◆ The problem ◆
Set down the entries again word for word, without any of the images.

Saved entries

------

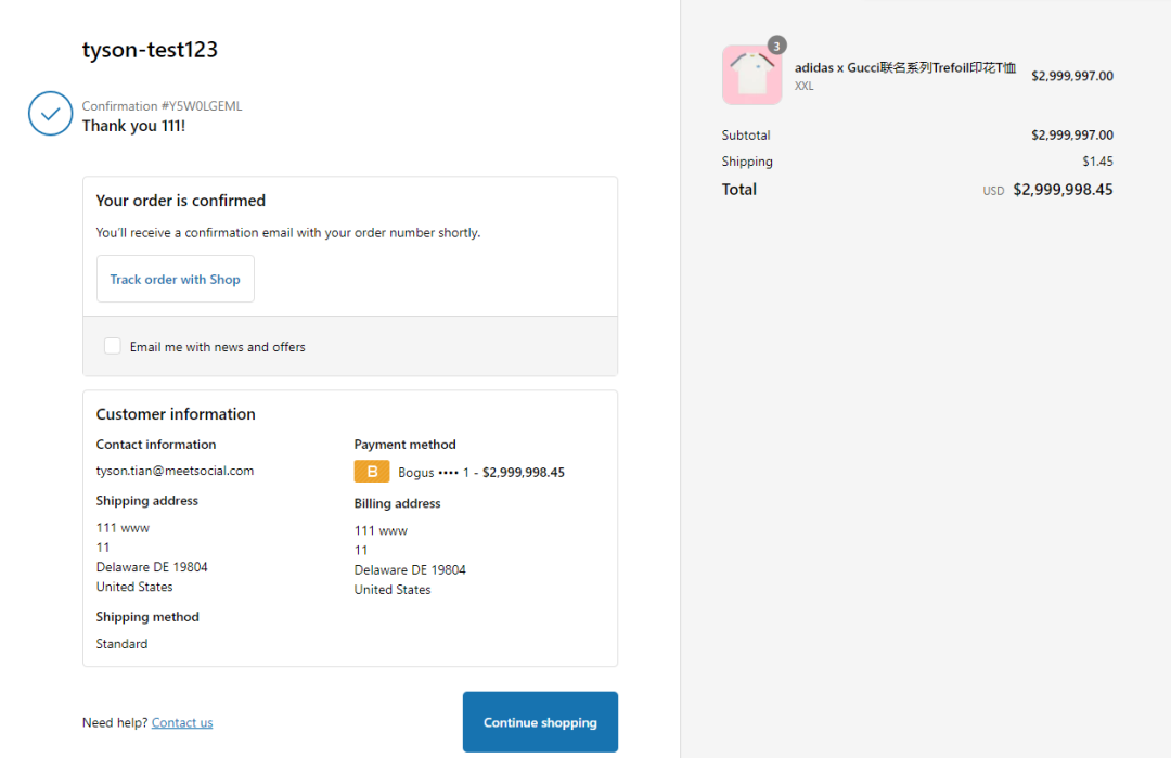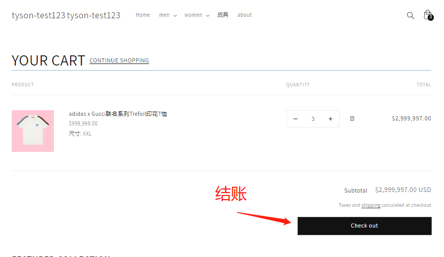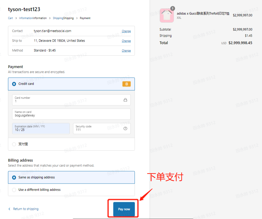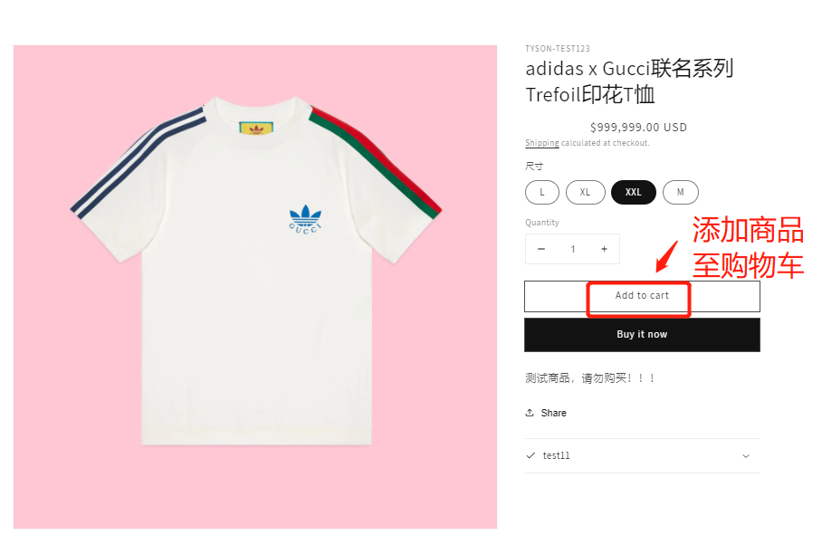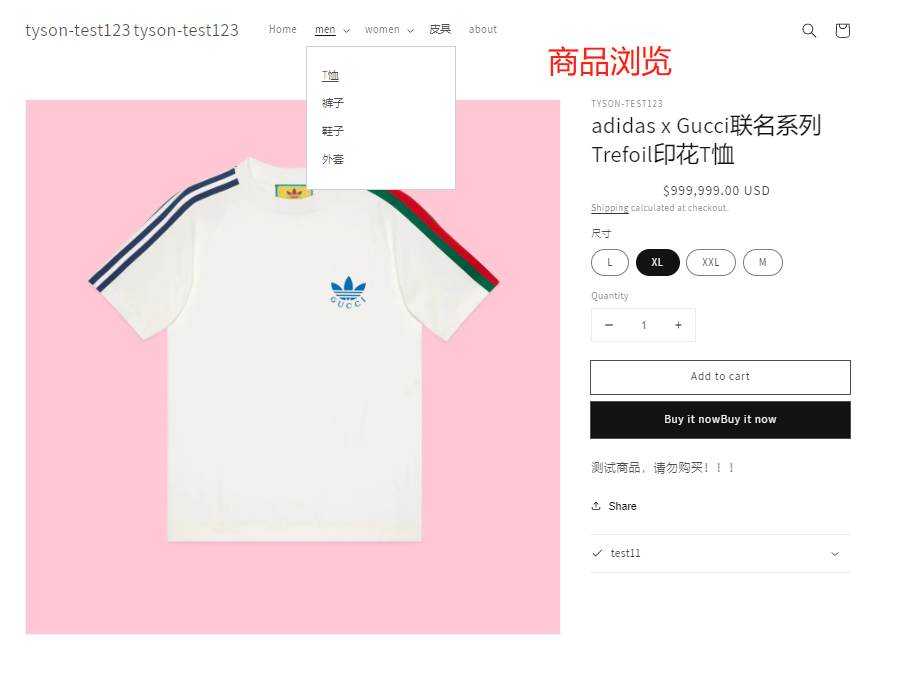 5)配置完成后,访问Shopify独立站地址,按照流程,依次进行【商品浏览】、【添加商品至购物车】、【发起结账check out】、【下单支付】等流程。
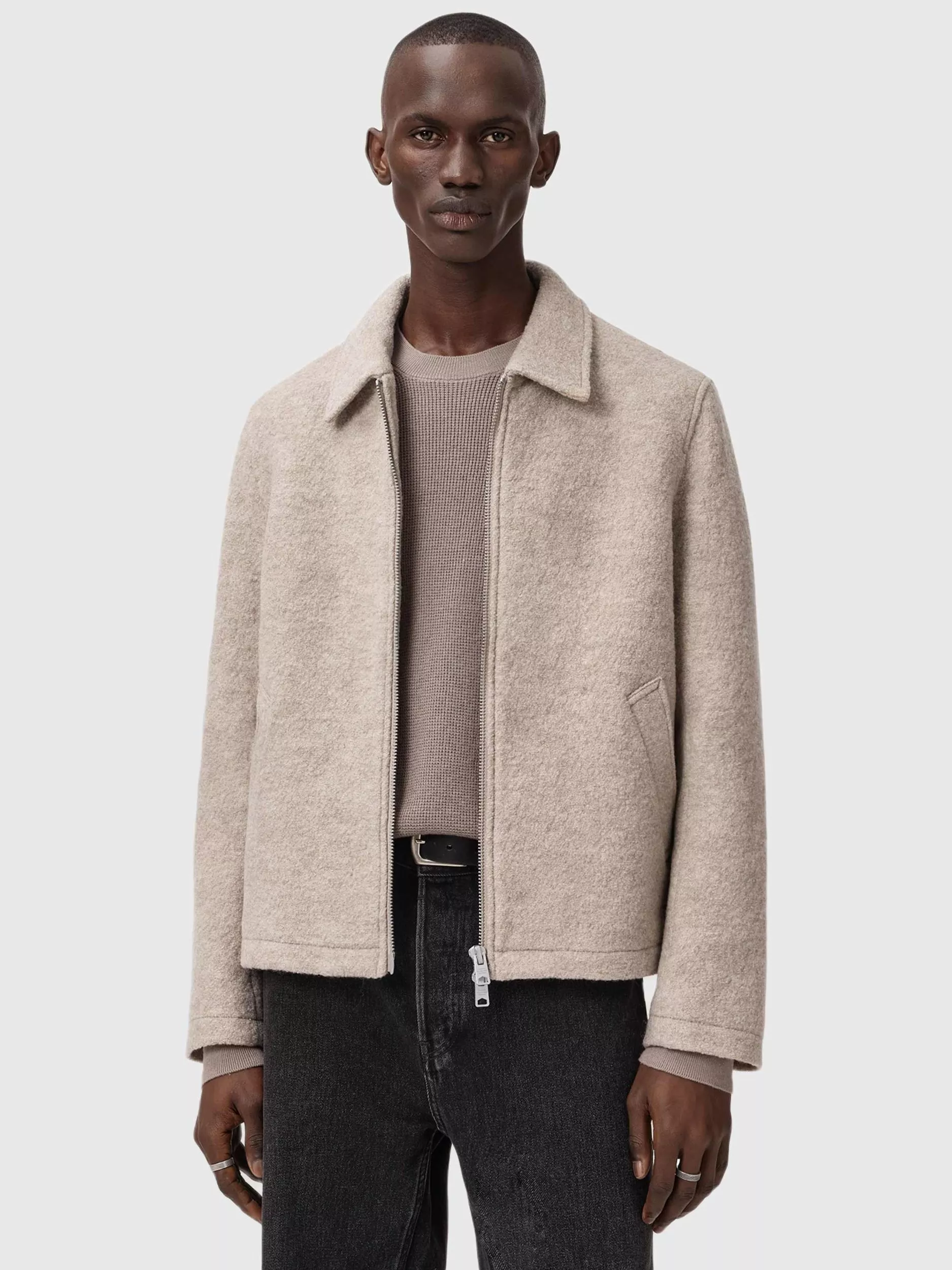 Crafted from warming wool, this jacket from AllSaints fastens with a zip and keeps thing minimalist for a timeless feel.
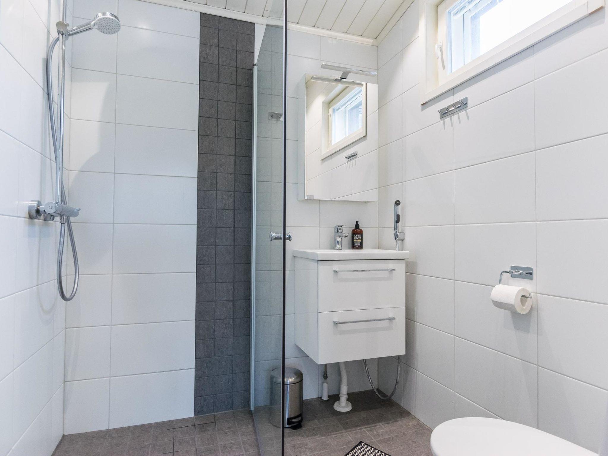 Two bedrooms, bedroom 1: double bed, bedroom 2: bed 65x190 cm and sofa bed (140 x 190 cm). Access to the bedroom is from the glazed terrace, the room is also a dressing room for sauna. Sauna is equipped with electric sauna stove, washroom with shower and WC, spacious glazed terrace.
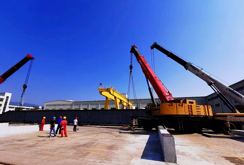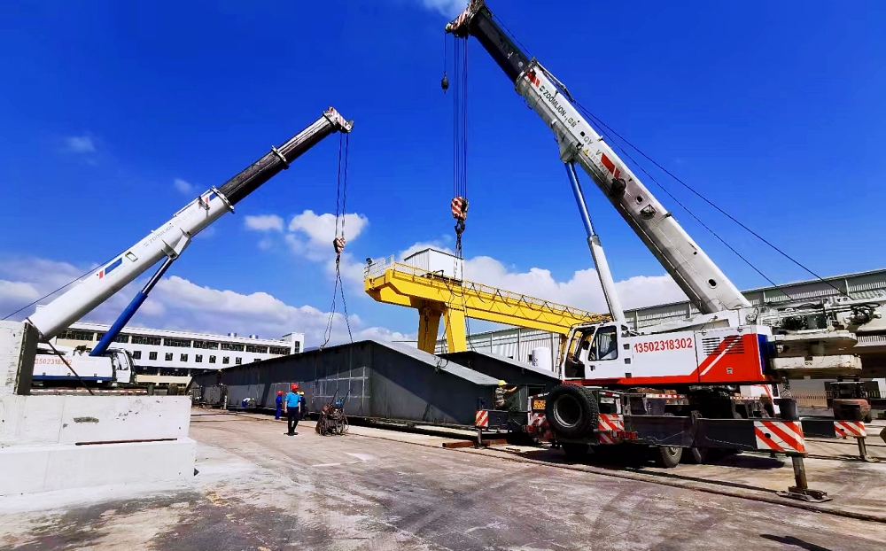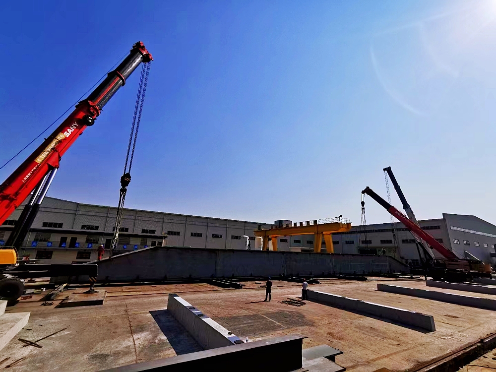 該72米大跨鋼箱梁單根截面3.4*2.8米,重達220噸,焊接制作要求高、難度大,且需同時制作兩根。華域重工經過整體預拼裝、整體焊接、外觀處理及焊縫驗收等一系列工序后,為確保施工現場順利安全提升,還在工廠進行了加載實驗。實驗包括加載1000噸外力的鋼梁撓度測量,焊縫及板材內部組織變化情況測定等,僅一次實驗便達到了設計要求的所有標準。
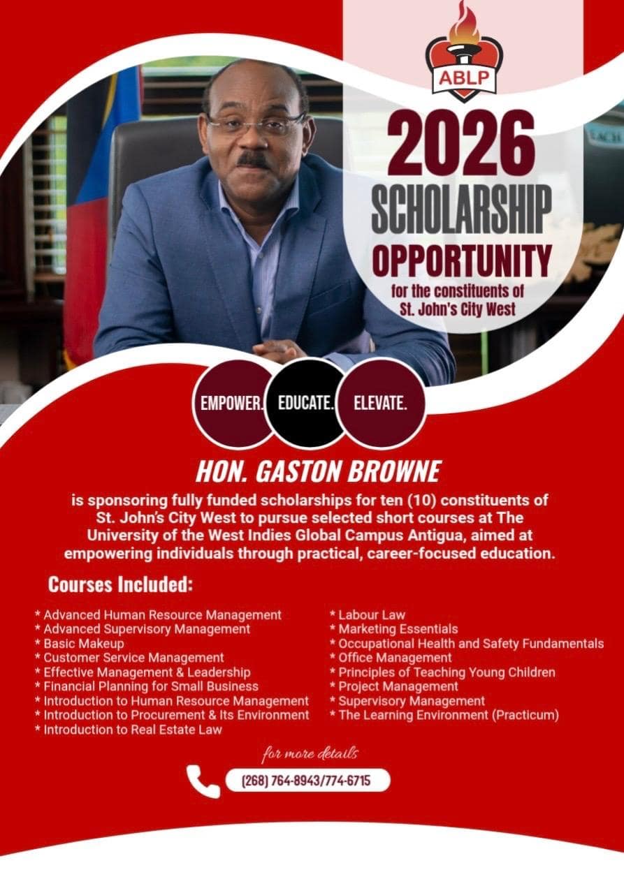 In a significant educational initiative, Prime Minister Gaston Browne has announced the sponsorship of ten fully-funded scholarships exclusively for residents of St. John’s City West. The program will enable selected candidates to pursue internationally recognized short courses at the University of the West Indies Global Campus in 2026.
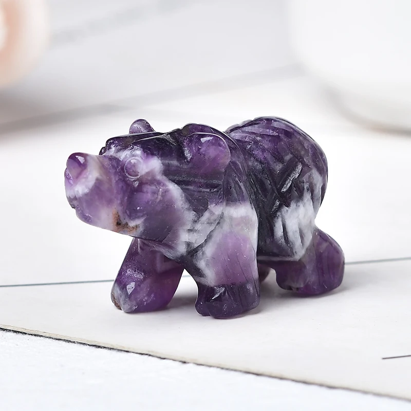 1PC Natural Crystal Bear Figurine Animals Stone Reiki Polished Crafts Small Decoration Home Decor Christmas Present Souvenir

------

◆ Output of the exercise ◆
 5)配置完成后,访问Shopify独立站地址,按照流程,依次进行【商品浏览】、【添加商品至购物车】、【发起结账check out】、【下单支付】等流程。
 Crafted from warming wool, this jacket from AllSaints fastens with a zip and keeps thing minimalist for a timeless feel.
 Two bedrooms, bedroom 1: double bed, bedroom 2: bed 65x190 cm and sofa bed (140 x 190 cm). Access to the bedroom is from the glazed terrace, the room is also a dressing room for sauna. Sauna is equipped with electric sauna stove, washroom with shower and WC, spacious glazed terrace.
 該72米大跨鋼箱梁單根截面3.4*2.8米,重達220噸,焊接制作要求高、難度大,且需同時制作兩根。華域重工經過整體預拼裝、整體焊接、外觀處理及焊縫驗收等一系列工序后,為確保施工現場順利安全提升,還在工廠進行了加載實驗。實驗包括加載1000噸外力的鋼梁撓度測量,焊縫及板材內部組織變化情況測定等,僅一次實驗便達到了設計要求的所有標準。
 In a significant educational initiative, Prime Minister Gaston Browne has announced the sponsorship of ten fully-funded scholarships exclusively for residents of St. John’s City West. The program will enable selected candidates to pursue internationally recognized short courses at the University of the West Indies Global Campus in 2026.
 1PC Natural Crystal Bear Figurine Animals Stone Reiki Polished Crafts Small Decoration Home Decor Christmas Present Souvenir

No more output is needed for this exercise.